In order to convert our environmental data into the desired dataframe for model procession, have a look at the following procedure: # Preparation of environmental data: chelsa-dataframe
## chelsa data preparation ####
#merge
merged_chelsa_annual_mean_temp_path <- "C:/Users/ich/Desktop/UNI/räumliche_Vorhersage/Pakistan_alles/chelsa/annual_mean_temperature/"
merged_chelsa_annual_mean_temp_path
## [1] "C:/Users/ich/Desktop/UNI/räumliche_Vorhersage/Pakistan_alles/chelsa/annual_mean_temperature/"
merged_chelsa_annual_mean_temp_files <- list.files("C:/Users/ich/Desktop/UNI/räumliche_Vorhersage/Pakistan_alles/chelsa/annual_mean_temperature/")
merged_chelsa_annual_mean_temp_files
## [1] "CHELSA_temp10_01_1979-2013_V1.2_land.tif"
## [2] "CHELSA_temp10_02_1979-2013_V1.2_land.tif"

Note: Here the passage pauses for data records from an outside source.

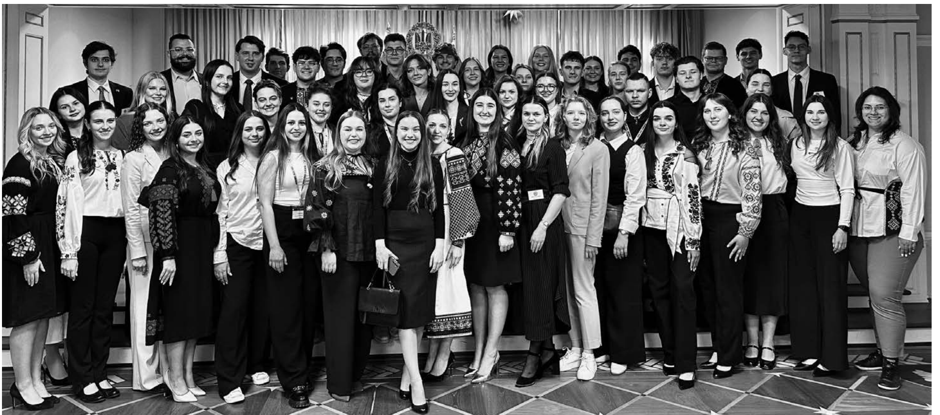
Учасники програми Молодіжних Амбасадорів КУК та представники Союзу Українських Студентів Канади.
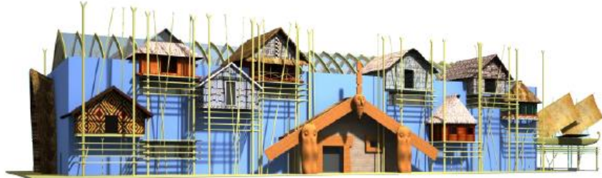
АВСТРАЛИЯ И ОКЕАНИЯ
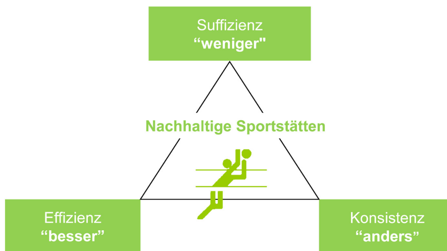
Abb. 2.5: Definition für nachhaltige Sportstätten

Zur Sicherung der Lebensqualität zukünftiger Generationen muss daher der nachhaltige und effiziente Umgang mit den Ressourcen unseres Planeten gewährleistet werden. Diese Forderung gilt als übergeordnetes Ziel auch für den Sportstättenbau. Betrachtet man die Auswirkungen der Baubranche auf die Umwelt, so ist deren Einfluss enorm. Der europäische Bausektor verbraucht etwa 50 Prozent der natürlichen Ressourcen sowie 40 Prozent der Energie und 16 Prozent des Wassers. Zudem verursacht das Bauwesen rund 60 Prozent aller Abfälle. Darüber hinaus resultieren rund 40 Prozent des weltweiten Ausstoßes von Treibhausgasen aus der Gebäudeherstellung und -nutzung (Ebert et al., 2010).
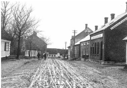
Vestergade, Bartels album 1907.

Jo, Give var blevet en rigtig by, der havde det hele.
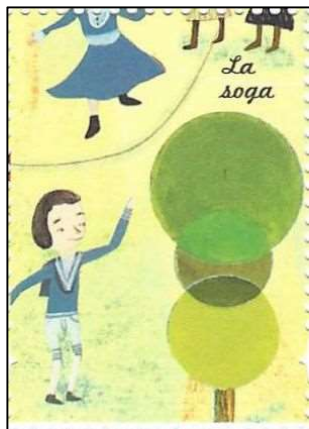
La soga חבל
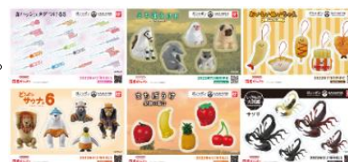
▲オリジナルステッカー(全6種)

https://bandainamco-am.co.jp/others/gashapon-bandai-officialshop/app/
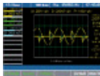
Цифровой осциллограф (DSO)
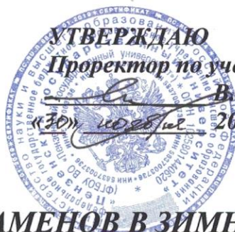
ГРАФИК ПРОВЕДЕНИЯ ЭКЗАМЕНОВ В ЗИМНЮЮ СЕССИЮ 2022-2023 УЧЕБНОГО ГОДА ДЛЯ СТУДЕНТОВ II КУРСА

Кузнецкого института информационных и управленческих технологий (филиал) ФГБОУ ВО «ПГУ»
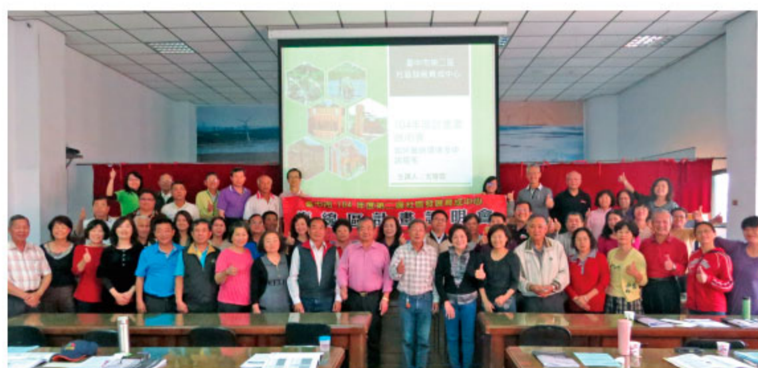
社區發展育成中心 陪伴 x 走過 x 學習

故，願身處在社區生活的我們，能共同秉持「分享福氣即是有福氣」的信仰，持續認真的分享福氣於生活中。
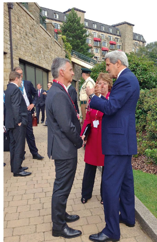
Treffen mit John Kerry (USA) und Catherine Ashton (EU) beim Gipfeltreffen der NATO in Newport (Wales) am 5. September 2014.

Die Ukrainekrise hat aufgezeigt, dass grundsätzliche Annahmen zur europäi-
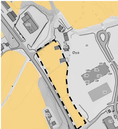
Figur 2. Markslag (Nibio). Gul= fulldyrka.

Mulighet for forekomster av plantesykdommer er vurdert i samråd med landbrukskontoret. Arealet er ikke brukt til kornproduksjon, grønnsaker eller poteter, og forekomster av plantesykdommer vurderes derfor som lite sannsynlig. Området er heller ikke oppført i PCN-register. Det er ikke registrert forekomster av floghavre.
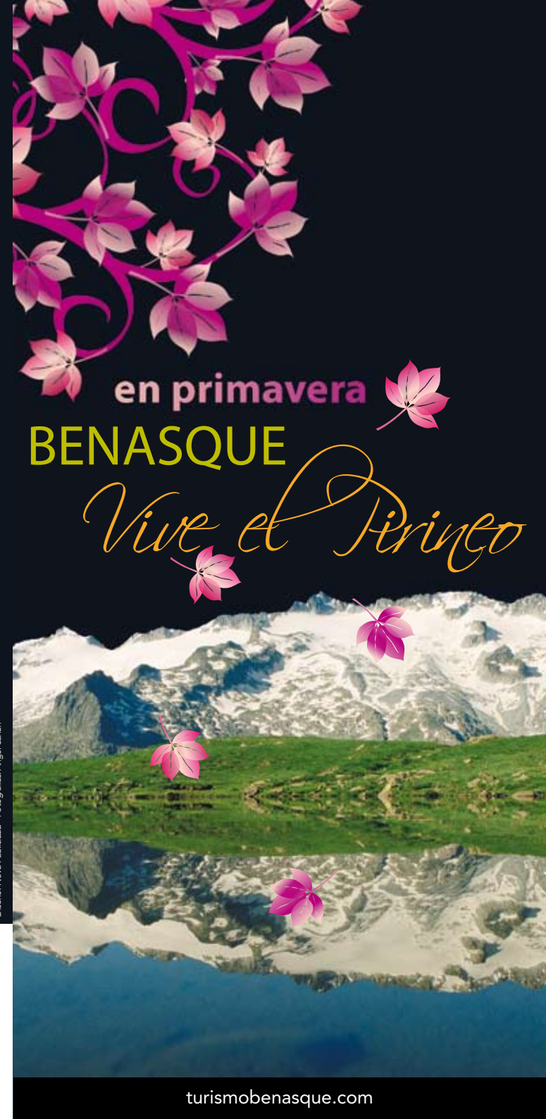
Diseño: Nova Publicidad

## [3] "CHELSA_temp10_03_1979-2013_V1.2_land.tif"
## [4] "CHELSA_temp10_04_1979-2013_V1.2_land.tif"
## [5] "CHELSA_temp10_05_1979-2013_V1.2_land.tif"
## [6] "CHELSA_temp10_06_1979-2013_V1.2_land.tif"
## [7] "CHELSA_temp10_07_1979-2013_V1.2_land.tif"
## [8] "CHELSA_temp10_08_1979-2013_V1.2_land (1).tif"
## [9] "CHELSA_temp10_09_1979-2013_V1.2_land.tif"
## [10] "CHELSA_temp10_10_1979-2013_V1.2_land.tif"
## [11] "CHELSA_temp10_11_1979-2013_V1.2_land.tif"
## [12] "CHELSA_temp10_12_1979-2013_V1.2_land.tif"
## [13] "merged"
raster_list <- list(merged_chelsa_annual_mean_temp_files)
raster_list
## [[1]]
## [1] "CHELSA_temp10_01_1979-2013_V1.2_land.tif"
## [2] "CHELSA_temp10_02_1979-2013_V1.2_land.tif"
## [3] "CHELSA_temp10_03_1979-2013_V1.2_land.tif"
## [4] "CHELSA_temp10_04_1979-2013_V1.2_land.tif"
## [5] "CHELSA_temp10_05_1979-2013_V1.2_land.tif"
## [6] "CHELSA_temp10_06_1979-2013_V1.2_land.tif"
## [7] "CHELSA_temp10_07_1979-2013_V1.2_land.tif"
## [8] "CHELSA_temp10_08_1979-2013_V1.2_land (1).tif"
## [9] "CHELSA_temp10_09_1979-2013_V1.2_land.tif"
## [10] "CHELSA_temp10_10_1979-2013_V1.2_land.tif"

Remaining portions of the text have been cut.